At the end of 2009, the USGC said the second-ever bulk shipment of DDGS arrived in China. The panamax vessel was loaded in the U.S. Gulf and was sold to a local trading company for feed ingredients in Guangzhou, Guangdong Province in China. The vessel contained 20,000 tonnes of DDGS and 32,000 tonnes of U.S. wheat.
The DDGS was sold to local feed mill companies. The USGC said total DDGS imports into China could reach 500,000 tonnes in 2009, compared to 8,000 tonnes in 2008. The high price of Chinese domestic corn and protein meal has made DDGS cost competitive, particularly in Southern China, the USGC said.
China’s import demand for DDGS could easily reach 3 million tonnes, according to an assessment completed by the Center for Agricultural and Rural Development (CARD) at Iowa State University, Ames, Iowa, U.S. A team of U.S. analysts visited China to assess the economics of DDGS use in feed, policy issues and transportation constraints. The group completed a micro-economic analysis on the impact of DDGS in the country.
This analysis showed there is an economic incentive for feed millers and livestock producers to use DDGS in feed rations, with a potential savings of $1 per hundredweight of mixed feed. However, two factors have to be addressed: concerns of mycotoxin contamination and nutrient profile variability; and policy barriers including delays in registration and required testing.
Because of the quality issues surrounding domestic brewers distillers grains, it will be essential to differentiate U.S. DDGS from the domestic product, CARD said.
"More demonstration feeding trials at strategic farms may be necessary to overcome this long-established perception of poor DDGS product quality," CARD said.
Indonesia is also increasing its usage of distillers grains. The USGC reported a sale of 500 tonnes at the end of 2009, but more work is needed to educate selfmixing layer and dairy farmers of the benefits associated with feeding distillers grains.
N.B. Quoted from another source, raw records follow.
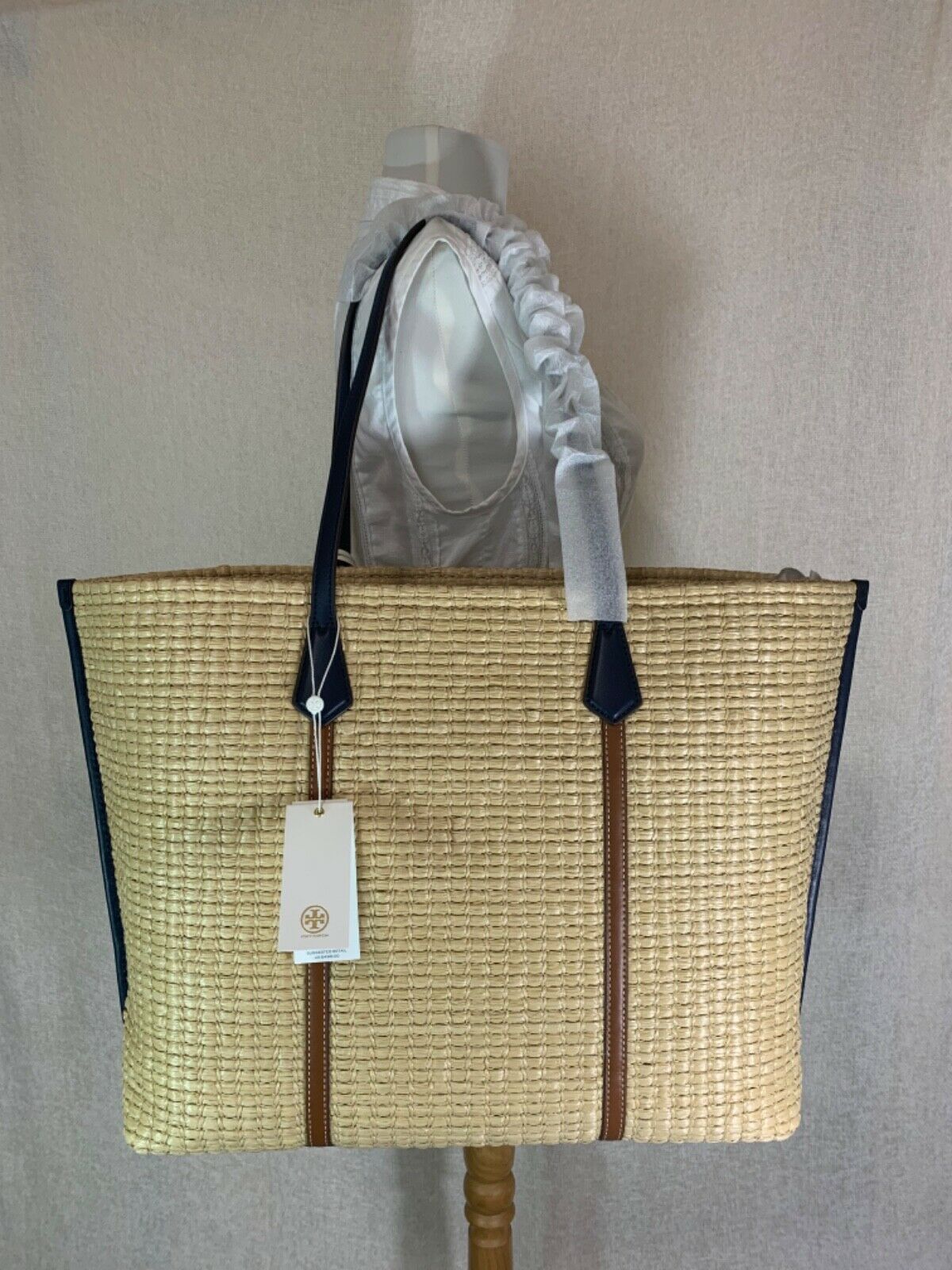 NWT Tory Burch Natural/Navy Destination Perry Straw Tote $498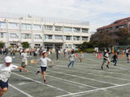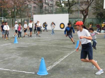 今年もスポーツチャレンジの時期となりました。運動委員会の子どもたちが中心になって今年も楽しい企画を考えてくれました。11月1日の中休みは「走の日」です。コーンタッチ、ニュースペーパーダッシュという楽しい種目に大勢の子どもたちが参加しました。ニュースペーパーダッシュでは、新聞を胸に当て、落とさないように全力で走ります。何度も何度も挑戦する中で、走る楽しさを味わいながら、基礎体力の向上につなげていきたいと思います。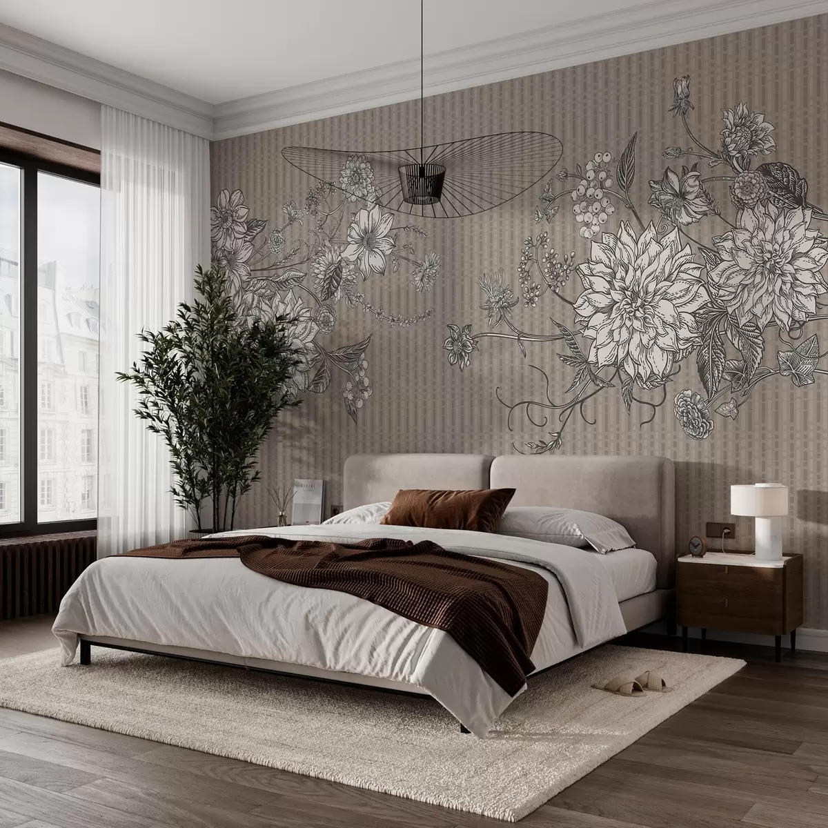 Fototapety Grafické květiny na matném pozadí v béžových tónech Č. w03395
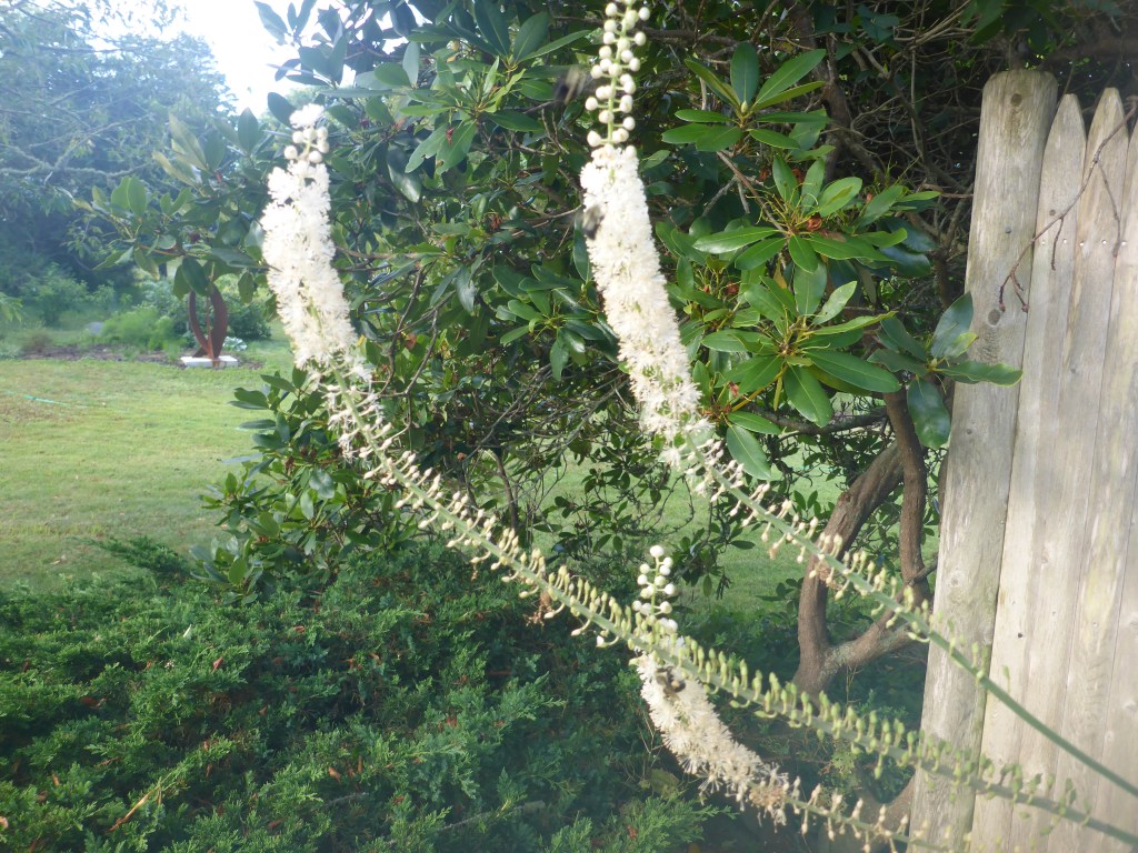 This is black cohosh (Actaea racemosa) which is planted next to our outdoor shower. It is covered with bees for about a month, but they never bother us while we use the shower. This vignette is a favorite. The white is narrow-leaf mountain mint (Pyncanthemum tenuifolia), the yellow is black-eyed Susan (Rudbeckia hirta), and the blue is downy skullcap (Scutellaria incana). This spreading perennial, broad-leaved mountain mint (Pycnanthemum muticum), seems to attract the smaller bees and other pollinators.Right in the center is a native bumblebee, exploring the blooms of the sweet pepperbush (Clethra alnifolia ‘Ruby Spice’). The clethras are one of the few shrubs that bloom in mid-summer. Another native bumblebee, this time on the anise hyssop (Agastache foeniculum ‘Blue Fortune’). This is actually not a native in New England, and it only lasts a few years in our poor soils, but I still include it in my garden, replacing it every few years as needed.And finally, this butterfly on the Joe Pye weed (Eutrochium dubium)!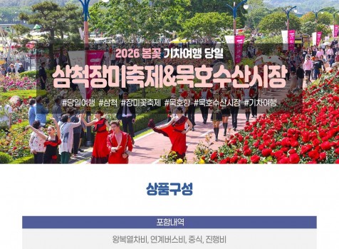 [ 포함내역 ] 왕복열차비,연계차량비, 중식, 진행비 [ 불포함내역 ] 전 일정 식사 포함사항 외 기타개인경비 여행자보험 [ 공지사항 ] 삼척역-삼척장미축제-추암촛대바위&출렁다리-묵호항-동해역 [ 여행일정 ] [ 안내사항 ]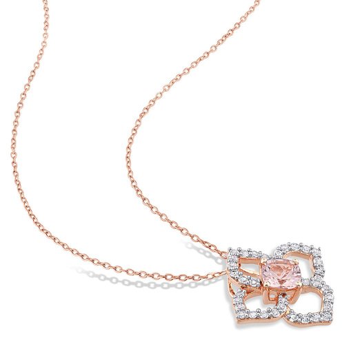 This sophisticated Morganite and White Topaz flower necklace is crafted in rose plated sterling silver. This stunning quatrefoil pendant features a cushion-cut, prong-set morganite surrounded by a halo of 36 round-cut white topaz gemstones in a unique floral design. Enhanced with a high polish finish, this gemstone necklace is the perfect addition to any jewelry collection.

Current DDGS users in the nation have reported positive results. One dairy cooperative said it fed an extra 1 kilogram of DDGS per cow per day and saw an increase in milk production of about 3.1 kilograms per cow per day.
That cooperative’s success has increased the interest of one local importer who would like to distribute DDGS to farmers, said Budi Tangendjaja, a USGC consultant who traveled to Indonesia to promote DDGS. The East Java region has 150,000 head of dairy cattle. If each animal could be fed 1 kilogram of DDGS daily, the requirement would be 150 tonnes per day.
"This would be a significant quantity for marketing DDGS," Tangendjaja said.